After a few conversations about what a data engineer is these days, I’ve found that there isn’t a shared understanding of the role. I also noticed the majority of the data engineers I spoke to were experienced software engineers.
Based on this experience, I decided to create a new blog post series that consists of interviews with our data engineers. I believe this will help to demystify data engineering and it might encourage more software engineers to become data engineers.
This week the interview is with me. 🙂
What is data engineering for you and how does it overlap with software engineering?
To make my opinion clear, I’m going to describe the goal of data in organisations so I can move into the specifics of data engineering.
Organisations have multiple systems generating data, transactional, usage data, etc. This data is valuable because it could and should be used to support decision making within an organisation.
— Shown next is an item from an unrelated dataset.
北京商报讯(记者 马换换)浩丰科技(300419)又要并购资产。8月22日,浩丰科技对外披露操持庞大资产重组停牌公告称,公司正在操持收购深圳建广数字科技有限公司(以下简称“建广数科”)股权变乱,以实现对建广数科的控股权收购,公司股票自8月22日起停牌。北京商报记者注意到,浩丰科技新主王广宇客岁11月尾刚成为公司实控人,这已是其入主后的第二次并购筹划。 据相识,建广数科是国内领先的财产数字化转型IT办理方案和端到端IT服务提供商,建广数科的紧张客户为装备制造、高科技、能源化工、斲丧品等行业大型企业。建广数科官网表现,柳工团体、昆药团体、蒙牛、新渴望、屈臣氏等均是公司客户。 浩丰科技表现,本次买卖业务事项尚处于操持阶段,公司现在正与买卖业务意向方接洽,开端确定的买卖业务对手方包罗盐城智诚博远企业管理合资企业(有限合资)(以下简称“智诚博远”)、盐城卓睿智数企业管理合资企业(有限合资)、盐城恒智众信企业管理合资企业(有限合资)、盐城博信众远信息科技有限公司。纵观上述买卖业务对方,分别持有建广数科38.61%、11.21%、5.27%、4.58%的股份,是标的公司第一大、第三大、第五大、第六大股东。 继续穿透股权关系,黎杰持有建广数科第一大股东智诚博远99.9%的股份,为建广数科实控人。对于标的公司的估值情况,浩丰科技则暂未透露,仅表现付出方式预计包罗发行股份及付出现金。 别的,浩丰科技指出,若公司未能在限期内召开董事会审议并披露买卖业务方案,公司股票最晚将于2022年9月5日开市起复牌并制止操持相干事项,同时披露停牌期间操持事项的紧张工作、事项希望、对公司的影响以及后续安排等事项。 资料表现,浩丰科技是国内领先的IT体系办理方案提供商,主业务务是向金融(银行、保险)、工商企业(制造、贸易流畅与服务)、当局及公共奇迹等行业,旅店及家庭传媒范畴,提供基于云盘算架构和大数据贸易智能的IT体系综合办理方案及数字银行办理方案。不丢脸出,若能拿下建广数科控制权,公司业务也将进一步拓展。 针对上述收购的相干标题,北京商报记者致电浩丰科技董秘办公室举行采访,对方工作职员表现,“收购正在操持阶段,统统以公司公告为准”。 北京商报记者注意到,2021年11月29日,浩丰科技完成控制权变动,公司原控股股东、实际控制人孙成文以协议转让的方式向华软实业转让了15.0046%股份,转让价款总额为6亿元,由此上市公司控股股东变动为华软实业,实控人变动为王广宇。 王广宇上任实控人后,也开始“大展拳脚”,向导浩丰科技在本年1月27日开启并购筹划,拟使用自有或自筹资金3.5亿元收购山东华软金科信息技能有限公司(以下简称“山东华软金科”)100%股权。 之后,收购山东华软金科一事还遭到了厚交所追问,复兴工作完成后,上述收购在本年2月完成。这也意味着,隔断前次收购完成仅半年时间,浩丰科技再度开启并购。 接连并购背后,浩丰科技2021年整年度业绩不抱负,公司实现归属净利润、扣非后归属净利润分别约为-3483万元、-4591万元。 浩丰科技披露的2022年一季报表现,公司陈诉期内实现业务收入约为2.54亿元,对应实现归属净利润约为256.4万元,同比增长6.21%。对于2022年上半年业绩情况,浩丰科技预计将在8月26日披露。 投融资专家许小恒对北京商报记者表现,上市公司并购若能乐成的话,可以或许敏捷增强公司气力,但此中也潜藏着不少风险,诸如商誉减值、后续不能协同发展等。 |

Sometimes this decision making is achieved by a manual process by looking into dashboards or reports generated by data analysts, some other times it’s achieved by machine learning algorithms created by data scientists that do the decisions by themselves.
Making this data available and usable is the main work of a data engineer. From a high level perspective, the work consists of collecting, modelling, cleaning, transforming the data into datasets, or data streams ready to be consumed. It sounds simple but there are a lot of idiosyncrasies as you can imagine such as data security, schema changes, very big datasets, data quality, etc.
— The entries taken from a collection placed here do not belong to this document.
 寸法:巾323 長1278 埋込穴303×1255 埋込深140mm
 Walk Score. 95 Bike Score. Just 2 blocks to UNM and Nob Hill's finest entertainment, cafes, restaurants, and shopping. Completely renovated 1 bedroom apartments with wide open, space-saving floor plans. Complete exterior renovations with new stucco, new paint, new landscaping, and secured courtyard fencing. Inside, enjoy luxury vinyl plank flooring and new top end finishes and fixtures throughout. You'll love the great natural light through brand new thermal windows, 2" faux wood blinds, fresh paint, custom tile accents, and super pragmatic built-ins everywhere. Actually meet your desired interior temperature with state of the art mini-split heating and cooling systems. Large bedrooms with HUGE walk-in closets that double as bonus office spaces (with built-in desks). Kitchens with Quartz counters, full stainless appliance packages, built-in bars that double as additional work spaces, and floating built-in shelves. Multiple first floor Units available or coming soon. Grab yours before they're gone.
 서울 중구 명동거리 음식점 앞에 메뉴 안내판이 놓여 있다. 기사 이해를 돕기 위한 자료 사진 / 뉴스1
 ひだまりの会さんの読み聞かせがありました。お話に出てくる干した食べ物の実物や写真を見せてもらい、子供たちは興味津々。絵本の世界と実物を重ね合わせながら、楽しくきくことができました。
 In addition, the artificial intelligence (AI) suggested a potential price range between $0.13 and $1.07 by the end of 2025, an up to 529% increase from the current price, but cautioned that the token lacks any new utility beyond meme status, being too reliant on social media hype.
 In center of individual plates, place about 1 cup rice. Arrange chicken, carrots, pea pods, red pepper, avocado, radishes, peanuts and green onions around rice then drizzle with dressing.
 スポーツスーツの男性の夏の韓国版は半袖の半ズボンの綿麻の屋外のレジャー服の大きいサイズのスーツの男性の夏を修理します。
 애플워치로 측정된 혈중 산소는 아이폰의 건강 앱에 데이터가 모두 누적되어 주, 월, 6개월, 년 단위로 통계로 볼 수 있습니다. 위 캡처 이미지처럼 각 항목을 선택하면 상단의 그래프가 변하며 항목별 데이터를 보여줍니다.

So, how do data engineers solve their tasks? Most of the time it’s by doing software engineering.
That being said, why do we have two different roles? Because the data area is so broad and it requires specific knowledge and a specific mindset to work with (the product is the data, the data needs to be tested apart from the software, etc).
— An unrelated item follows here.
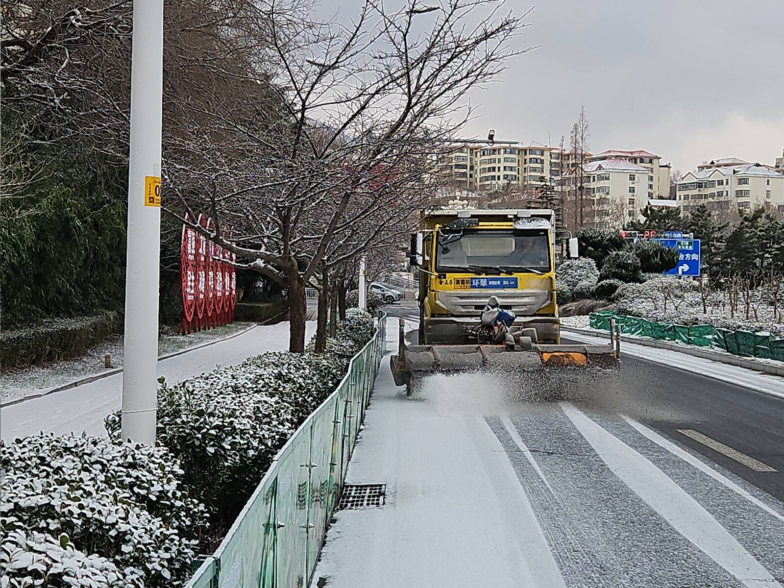 截至目前,环翠园林公司和通达市政公司累计出动专业清雪队伍80余人次,投入撒布车、清雪铲、清雪滚刷及巡查指挥车辆等各类作业设备70余台,对辖区海滨路至黄岛路段(包含育华路、北山路、四方路、金线顶路、海滨路、刘公岛周边),世昌大道以南至平度路段(包含青岛路、统一路、塔山中路、崂山路、统一南路、环山路)等主次干道共计约155.5万平方米区域开展全天不间断清雪作业,有效保障了城市交通路网畅通有序。
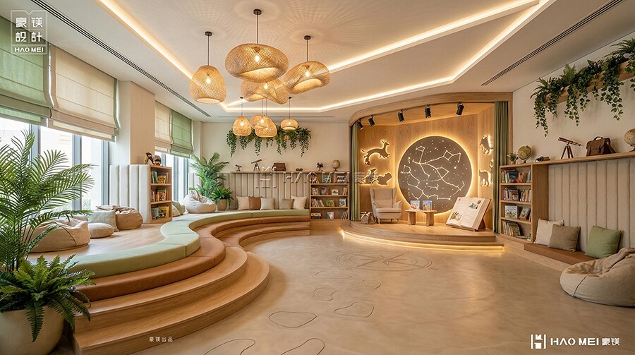 儿童空间的设计难点,在于平衡趣味性与功能性。豪镁设计以“隐性引导”破题:墙面以世界地图装饰画与植物墙绘相映,在潜移默化中启蒙认知;发光星座图配动物剪影墙以梦幻光影激发探索欲;两排木质长桌上的标本展示与背景墙的大型生态鱼缸,则将科学观察融入日常——家长与孩子可围坐协作观察标本、投喂小鱼,在互动中解锁自然奥秘。动线设计同样暗藏巧思:彩色地面线条如蜿蜒小路,自然引导探索路径;拱门分隔功能区却不阻断视线,既保证安全又维持空间通透。就连地面的卡通脚印、树叶地贴,也成了“会说话的向导”,让规则意识在游戏中悄然生根。

I tend to see data engineering as a layer of skills and knowledge on top of software engineering skills. Also, I believe some software engineers have been working on data engineering tasks without being called ‘data engineers.’
How did you get involved in data engineering?
I started to work on data during my master thesis (and the following research) which was focused on natural language processing for Portuguese. I know it sounds more like data science, and it was. After this research phase, I worked for a couple of years doing software engineering and I ended up in a project where the client asked my team to do an ML model to predict user behaviour. I ended up working on the data science part and also developing an ML model pipeline and an infrastructure to make AB testing of models. These days, we tend to call this last part ML engineering, although I see it as part of data engineering. After this project, I’ve been working on data projects, mostly in data pipelines.
What are the skills a data engineer must have that a software engineer usually doesn’t have?
Starting with some generic topics:
- Strong SQL skills is a must-have.
- Knowing the details of different types of data storages (transactional databases, data warehouses, distributed file systems) is also very important.
- Data modeling is an important part of the job.
- It’s good to know how data scientists and data analysts work because they’re usually the clients of the data.
- GDPR and data security speak for themselves.
Stream processing and big data processing are also very good skills to have because a good part of projects require them. It’s also good to know the data landscape, which is huge, and there isn’t a preferred stack that is consistently widely used.
What data trends are you keeping an eye on?
I’m closely following the trend about leveraging the power of the modern cloud data warehouses which separate storage from computing like BigQuery or Snowflake, to make SQL data pipelines in an ELT fashion. It’s a game-changer, in my opinion. The need to use tools like Spark and to have specialised engineers and infrastructure is minimised. Having the data pipelines in SQL allowed data analysts to participate in the transformation part, and there is a new role emerging based on that, analytics engineering.
I’m keeping an eye on data mesh, with a focus on treating data as a product and having a central team that facilitates the work on data for other teams.
I’m also interested in AutoML. As mentioned, I also have experience as a data scientist, not much, but sufficient to believe that some of that work can be automated. I do believe that AutoML can help data scientists, I don’t believe it can replace them.
Do you have any recommendations for software engineers who want to be data engineers?
It should not be hard if you already have software engineering skills. The field is broad, so you might want to choose one area that you would like to work in, data pipelines for instance, and start to study it from a practical perspective. If you are into books I recommend Designing Data-Intensive Applications as a general data book. Also, if you are part of a project where you can pair on data engineering tasks, give it a try.